For developing code on ada we recommend using the intel software stack, which includes the Intel compilers (icc/icpc/ifort), the Intel Math Kernel Library (MKL), and the Intel MPI. Additionally, the Intel compilers are the only compilers able to compile programs for the Phi co-processors. To load the latest (and possibly untested) Intel software stack, enter:
module load intel
However we highly recommend users select a particular toolchain and stick with modules that use it.
At present, we support the following toolchains:
- intel - described above
- iomkl - which substitutes OpenMPI for Intel's MPI
- foss - which is entirely Free and Open-Source Software (GCC/OpenMPI/BLAS/LAPACK/etc)
At present, we support the following toolchain releases:
- intel/2015B - This has evolved over the lifetime of Ada and has the most libraries presently available. Given its evolution it isn't the crispest in terms of versioning but is well tested.
- intel/2016a -This is the current development environment for new projects. It isn't as rich in terms of libraries but is better versioned.
- intel/2016b - This will likely play a role in the future but isn't being supported yet.
- iomkl/2015B - Primarily created for R but has other uses.
- iomkl/2016a - Similar to 2015B
- foss/2015B - Supported to some extent.
- foss/2016a - For testing future
- foss/2016b - Available, but not supported yet
Each of those has their own distinct combination of compiler/MPI/math. The newer ones will have more appeal to those using newer C++ codes. The older ones are probably more of interest to those with legacy code.
After you decide upon a toolchain, you can do something like:
module load intel/2016a # or ml intel/2016a # ml == module load in this case
module list # or ml # ml == module list in this case
to see what components are in the toolchain.
DO NOT MIX MODULES FROM DIFFERENT TOOLCHAINS... it only causes grief.

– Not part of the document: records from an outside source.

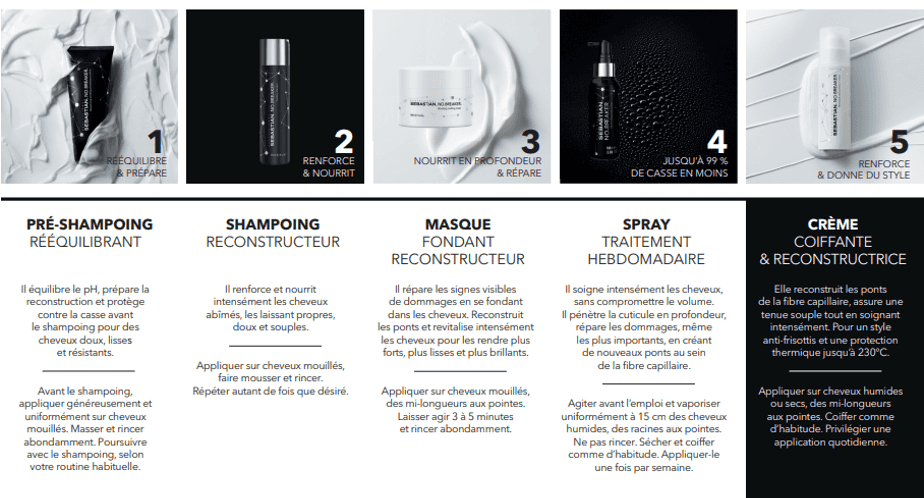 Pré-shampoing crème reconstructeur | Shampoing reconstructeur | Masque fondant reconstructeur | Spray | Crème de coiffage et de reconstruction | |
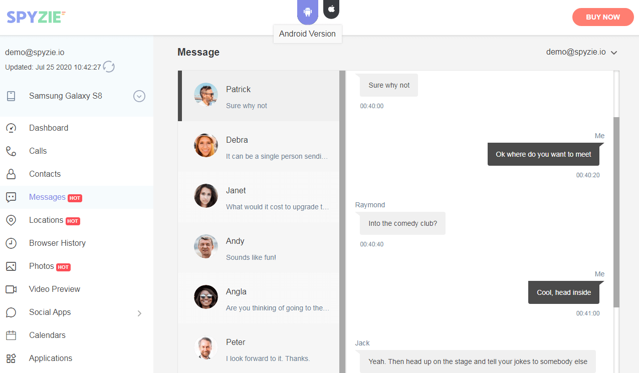 With Spyzie, you can see everything your target does on their social media handles. If the app is on the device, you’ll be able to see it remotely on your dashboard.
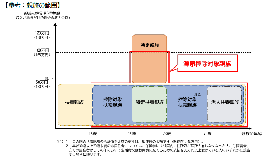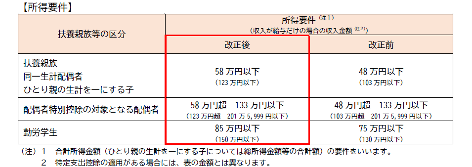 基礎控除の見直しに伴い、扶養親族や配偶者などの所得要件も下表のとおり改正されています。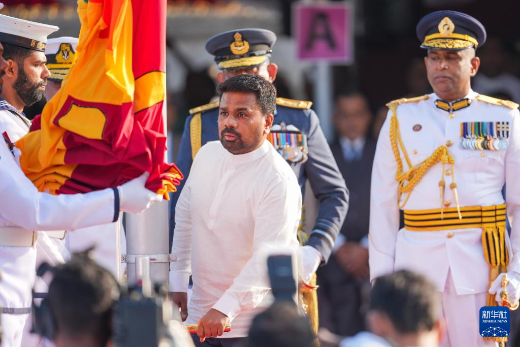 2月4日,在斯里兰卡首都科伦坡,斯里兰卡总统迪萨纳亚克(中)出席独立日庆祝活动。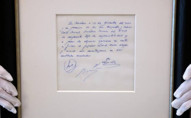 El papel, que data de diciembre del 2000, cuando Messi tenía apenas trece años, supone el compromiso de un contrato con el Barcelona y estaba firmada en bolígrafo azul por Carles Rexach, por entonces director deportivo de los ‘Blaugrana’.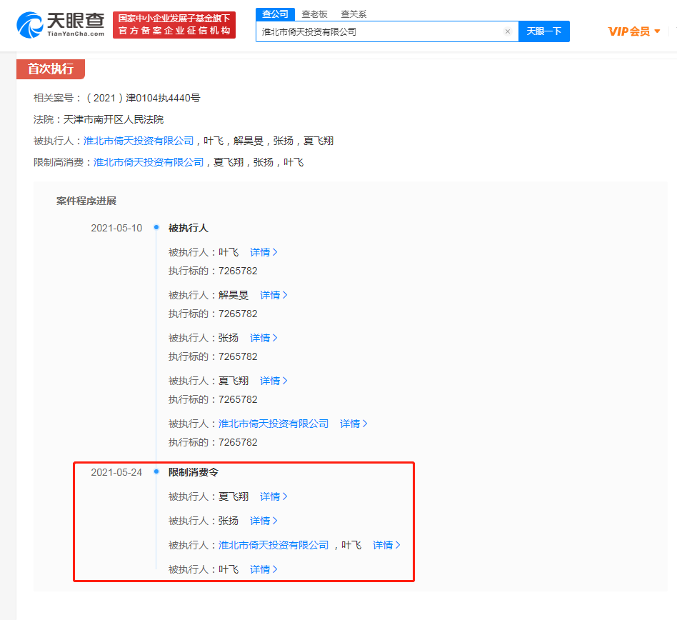 据天眼查APP显示,5月24日,叶飞、淮北市倚天投资有限公司等新增一则限制消费令,相关案号为(2021)津0104执4440号,执行标的7265782元,法院为天津市南开区人民法院。此前,叶飞已多次被限制高消费,淮北市倚天投资有限公司已被列为失信被执行人(老赖)。

For more information about the module system on ada, please visit the modules page.
Using the intel toolchain
After initializing the compiler environment, you can use the "man" command to obtain a complete list of the available compilation options for the language you plan to use. For example:
man icc man icpc man ifort
will provide information on the C, the C++ and the Fortran compilers, respectively.

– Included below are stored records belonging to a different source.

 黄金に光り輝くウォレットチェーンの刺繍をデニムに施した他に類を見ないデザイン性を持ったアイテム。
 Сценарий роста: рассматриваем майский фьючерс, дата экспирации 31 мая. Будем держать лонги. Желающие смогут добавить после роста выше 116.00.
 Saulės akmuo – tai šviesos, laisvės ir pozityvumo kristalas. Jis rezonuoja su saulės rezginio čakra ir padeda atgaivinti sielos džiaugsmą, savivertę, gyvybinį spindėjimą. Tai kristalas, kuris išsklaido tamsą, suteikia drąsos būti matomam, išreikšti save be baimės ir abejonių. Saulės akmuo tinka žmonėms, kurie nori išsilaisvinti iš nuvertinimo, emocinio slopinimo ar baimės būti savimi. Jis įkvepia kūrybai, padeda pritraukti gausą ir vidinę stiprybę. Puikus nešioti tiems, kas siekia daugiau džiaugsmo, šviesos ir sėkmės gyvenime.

Each compiler requires appropriate file name extensions. These extensions are meant to identify files with different programming language contents, thereby enabling the compiler script to hand these files to the appropriate compiling subsystem: preprocessor, compiler, linker, etc. See table below for valid extensions for each language.

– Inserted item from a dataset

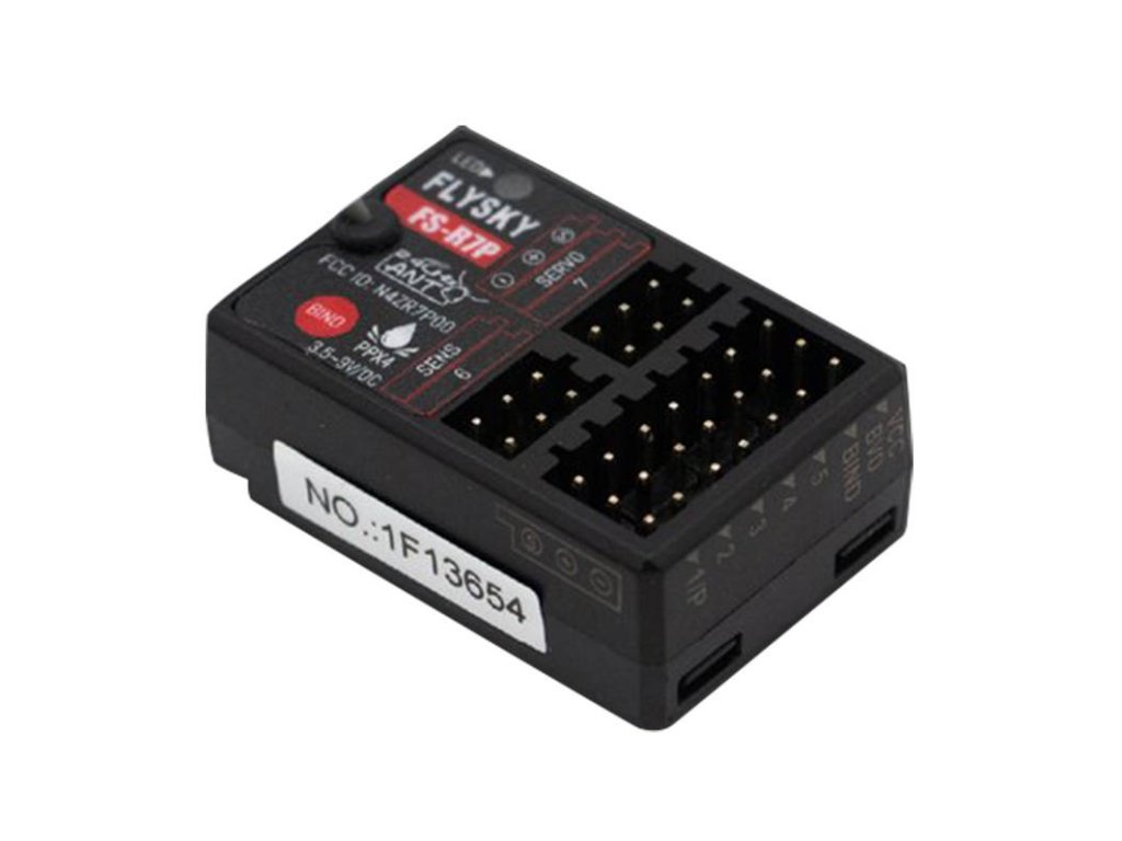 sedmikanálový přijímač FS-R7P pracuje na frekvenci 2,4 GHz. Má dosah až 300 m na povrchu. Jeho rozměry jsou pouze 35 x 23,3 x 13,3 mm a váží pouhých 8 g. Je určen pro vysílače FS-G4P a FS-G7P a používá stabilní protokol ANT. Podporuje indikátor výkonu RSSI a poskytuje vodotěsnost na úrovni PPX4.

|.c||icc||C source code passed to the compiler.|
|.C, .CC, .cc, .cpp, .cxx||icpc||C++ source code passed to the compiler.|
|.f, .for, .ftn||ifort||fixed form Fortran source code passd to the compiler.|
|.fpp||ifort||Fortran fixed form source code that can be preprocessed by the Intel Fortran preprocessor fpp.|
|.f90||ifort||free form Fortran 90/95 source code passed to the compiler.|
|.F||ifort||Fortran fixed form source code, will be passed to preprocessor (fpp) and then passed to the Fortran compiler.|
|.o||icc/icpc/ifort||compiled object file--generated with the -c option--passed to the linker.|
NOTE: The icpc command ("C++" compiler) uses the same compiler options as the icc ("C" compiler) command. Invoking the compiler using icpc compiles '.c', and '.i' files as C++. Invoking the compiler using icc compiles '.c' and '.i' files as C. Using icpc always links in C++ libraries. Using icc only links in C++ libraries if C++ source is provided on the command line.